Hayes Kaleen N, Cupp Meghan A, Joshi Richa, Riester Melissa R, Beaudoin Francesca L, Zullo Andrew R
Department of Health Services, Policy, and Practice, Brown University School of Public Health, Providence, Rhode Island, USA.
Center for Gerontology and Healthcare Research, Brown University School of Public Health, Providence, Rhode Island, USA.
J Am Geriatr Soc. 2024 Dec;72(12):3730-3741. doi: 10.1111/jgs.19160. Epub 2024 Sep 11.
Appropriate pain management can facilitate rehabilitation after a hip fracture as patients transition back to the community setting. Differences in opioid prescribing by race may exist during this critical transition period.
We conducted a retrospective cohort study of older adult U.S. Medicare beneficiaries with a hip fracture to examine whether the receipt and dose of opioids differs between Black and White patients as they transitioned back to the community setting. We stratified beneficiaries by whether they received institutional post-acute care (PAC). Outcomes were (1) receipt of an opioid and (2) opioid doses in the first 90 days in the community in milligram morphine equivalents (MMEs; also presented in mg oxycodone). We estimated relative rates and risk differences of opioid receipt and dose differences using Poisson and linear regression models, respectively, using the parametric g-formula to standardize for age and sex.
We identified 164,170 older adults with hip fracture (mean age = 82.7 years; 75% female; 72% with PAC; 46% with opioid use after fracture). Overall use of opioids in the community was similar between Black and white beneficiaries. Black beneficiaries had lower average doses in their first 90 days in both total cumulative doses (PAC group: 165 [95% CI -264 to -69] fewer MMEs [-248 mg oxycodone]; no PAC: 167 [95% CI -274 to -62] fewer MMEs [-251 mg oxycodone]) and average MME per days' supply of medication (PAC: -3.0 [-4.6 to -1.4] fewer MMEs per day [-4.5 mg oxycodone]; no PAC: -4.7 [-4.6 to -1.4] fewer MMEs per day [-7.1 mg oxycodone]). In secondary analyses, Asian beneficiaries experienced the greatest differences (e.g., 617-653 fewer cumulative mg oxycodone).

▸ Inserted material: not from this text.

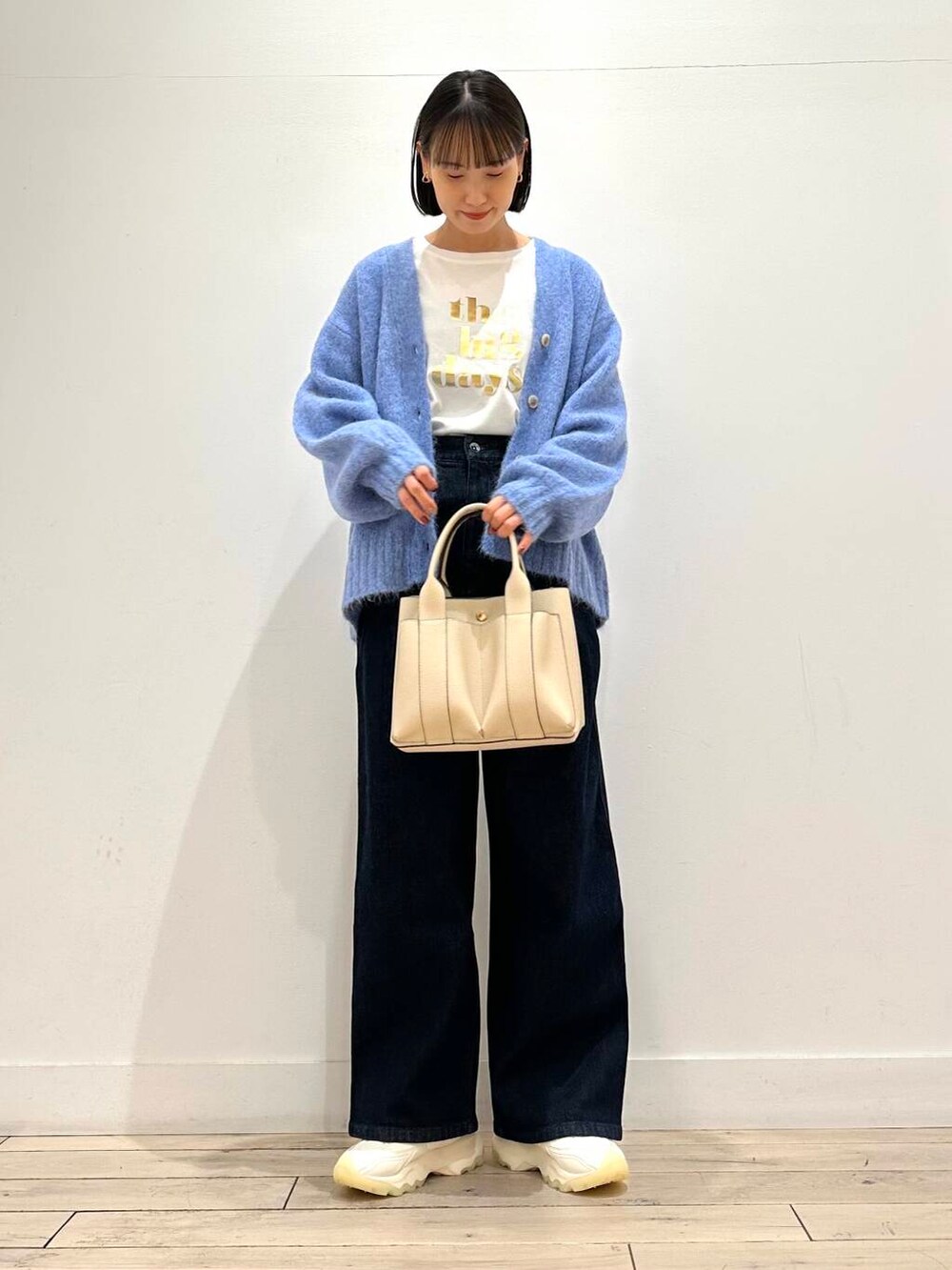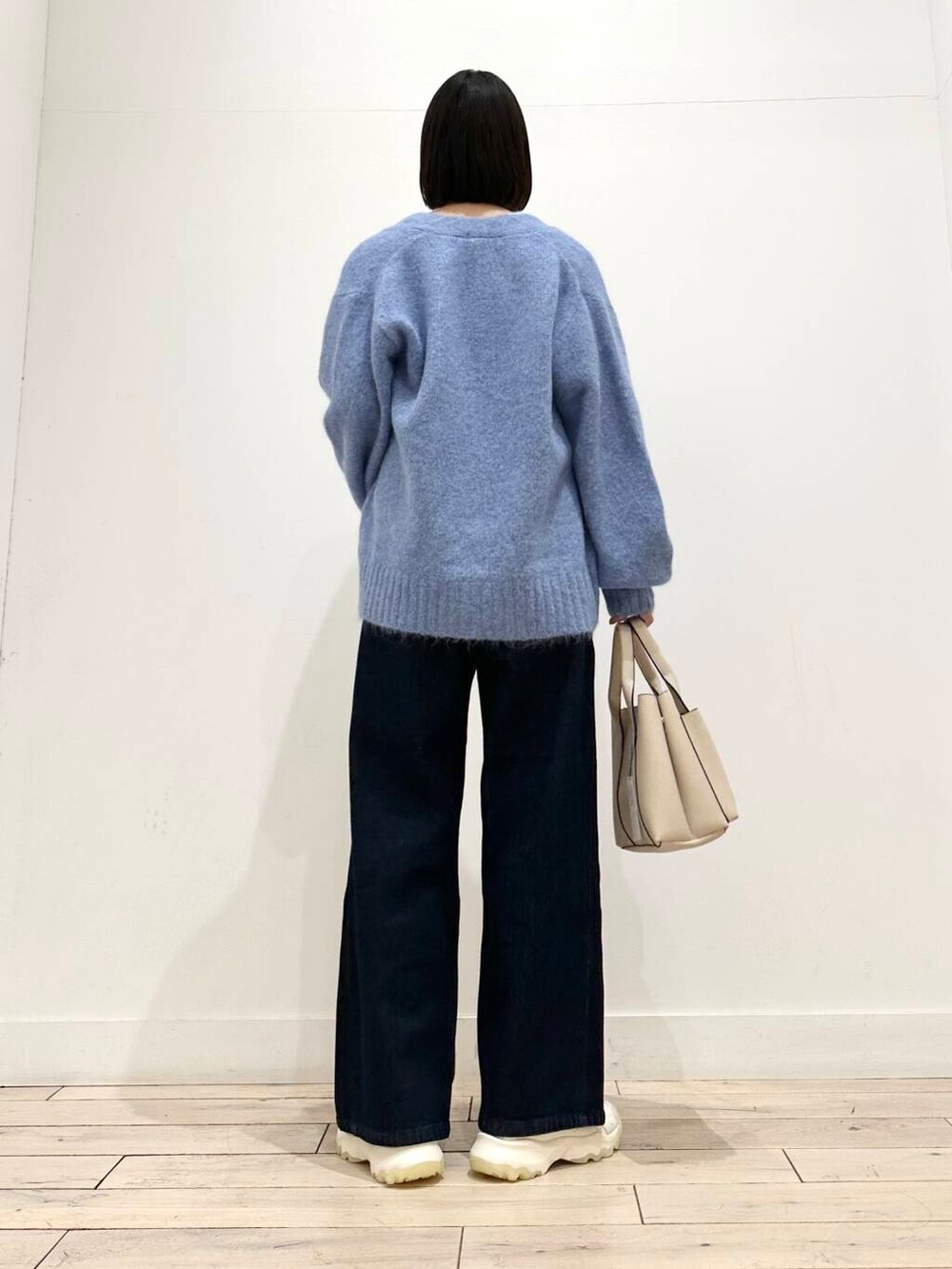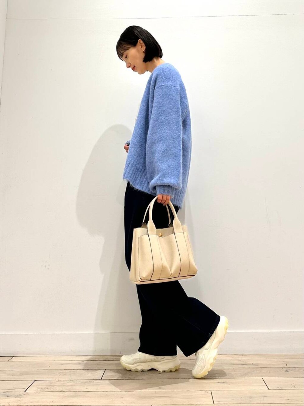 合わせたデニムは裏起毛になってますが、もこもこしていないので長いシーズン履いていただけます!
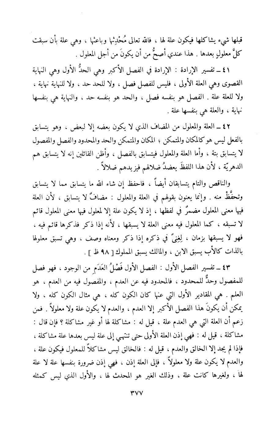 42 - العلة والمعلول من المضاف الذي لا يكون بعضه إلا لبعض، وهو يتسابق بالفعل ليس هو كالمكان والمتمكن؛ المكان والمتمكن والحد والمحدود والفصل والمفصول لا يتسابق بتة، وأما العلة والمعلول فيتسابق بالفصل، وأظن القائلين إنه لا يتسابق هم الدهرية، لأن هذا اللفظ يعضد ضلالهم فيزيدهم ضلالا.

Racial differences exist in pain management for Medicare beneficiaries after a hip fracture. Future work should examine whether these differences result in disparities in short- and long-term health outcomes.
在患者向社区环境过渡期间,适当的疼痛管理有助于髋部骨折后的康复。在这个关键的过渡阶段,按种族划分的阿片类药物处方可能存在差异。
我们对美国医疗保险老年受益人中的髋部骨折患者进行了一项回顾性队列研究,以检查黑人和白人患者在向社区环境过渡时阿片类药物的使用情况和剂量是否存在差异。我们根据是否接受机构急性后护理(PAC)对受益人进行分层。结果包括:(1)阿片类药物的使用情况;(2)社区环境中前90天内以毫克吗啡当量(MME;也以毫克羟考酮表示)计算的阿片类药物剂量。我们分别使用泊松回归模型和线性回归模型估计阿片类药物使用情况的相对率和风险差异以及剂量差异,并使用参数化g公式对年龄和性别进行标准化。
我们确定了164,170名髋部骨折的老年人(平均年龄 = 82.7岁;75%为女性;72%接受PAC;46%骨折后使用阿片类药物)。黑人和白人受益人在社区中阿片类药物的总体使用情况相似。黑人受益人在前90天内的平均剂量较低,无论是总累积剂量(PAC组:少165[95%CI -264至-69]毫克吗啡当量[-248毫克羟考酮];无PAC组:少167[95%CI -274至-62]毫克吗啡当量[-251毫克羟考酮])还是每天药物供应的平均吗啡当量(PAC组:每天少3.0[-4.6至-1.4]毫克吗啡当量[-4.5毫克羟考酮];无PAC组:每天少4.7[-4.6至-1.4]毫克吗啡当量[-7.1毫克羟考酮])。在二次分析中,亚洲受益人经历的差异最大(例如,累积羟考酮毫克数少617 - 653)。
医疗保险受益人髋部骨折后的疼痛管理存在种族差异。未来的工作应研究这些差异是否会导致短期和长期健康结果的差异。